EXERCISE
Write out the data word for word and omit every picture.

--- DATA PROVIDED Enclosed Below ---

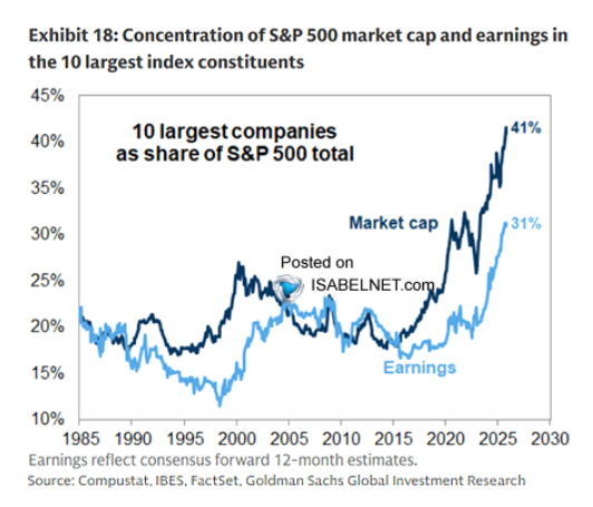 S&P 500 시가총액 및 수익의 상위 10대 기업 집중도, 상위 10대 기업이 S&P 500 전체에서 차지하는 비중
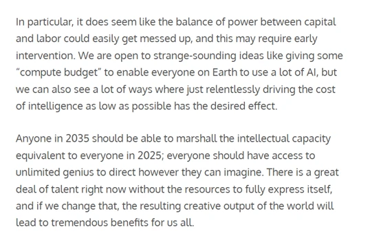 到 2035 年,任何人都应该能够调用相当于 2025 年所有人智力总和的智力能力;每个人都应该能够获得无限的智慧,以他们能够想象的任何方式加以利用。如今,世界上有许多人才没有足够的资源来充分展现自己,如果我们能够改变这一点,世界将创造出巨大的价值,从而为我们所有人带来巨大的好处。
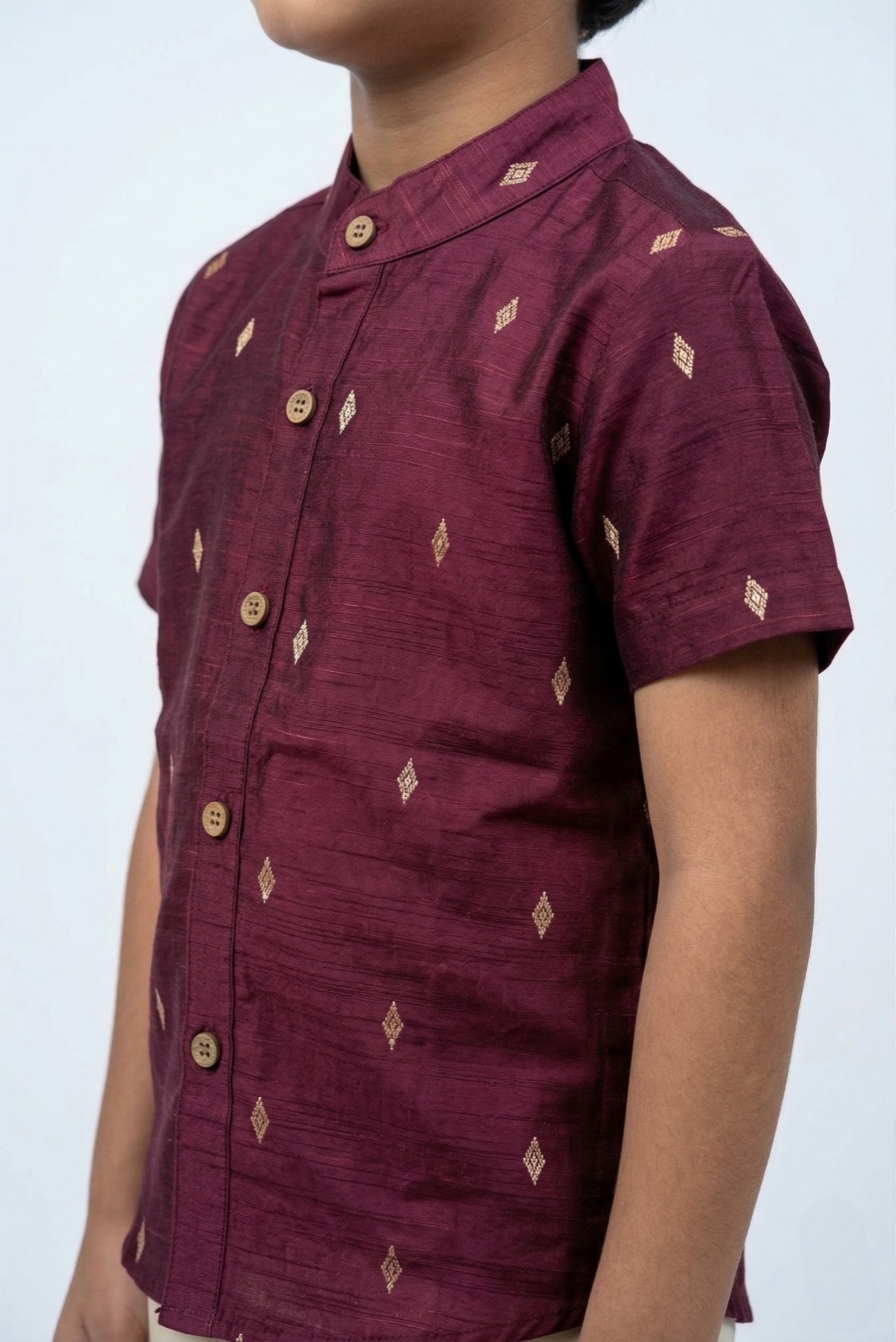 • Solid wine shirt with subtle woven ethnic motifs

--- End of Enclosed DATA PROVIDED ---

YOUR RESPONSE
 S&P 500 시가총액 및 수익의 상위 10대 기업 집중도, 상위 10대 기업이 S&P 500 전체에서 차지하는 비중
 到 2035 年,任何人都应该能够调用相当于 2025 年所有人智力总和的智力能力;每个人都应该能够获得无限的智慧,以他们能够想象的任何方式加以利用。如今,世界上有许多人才没有足够的资源来充分展现自己,如果我们能够改变这一点,世界将创造出巨大的价值,从而为我们所有人带来巨大的好处。
 • Solid wine shirt with subtle woven ethnic motifs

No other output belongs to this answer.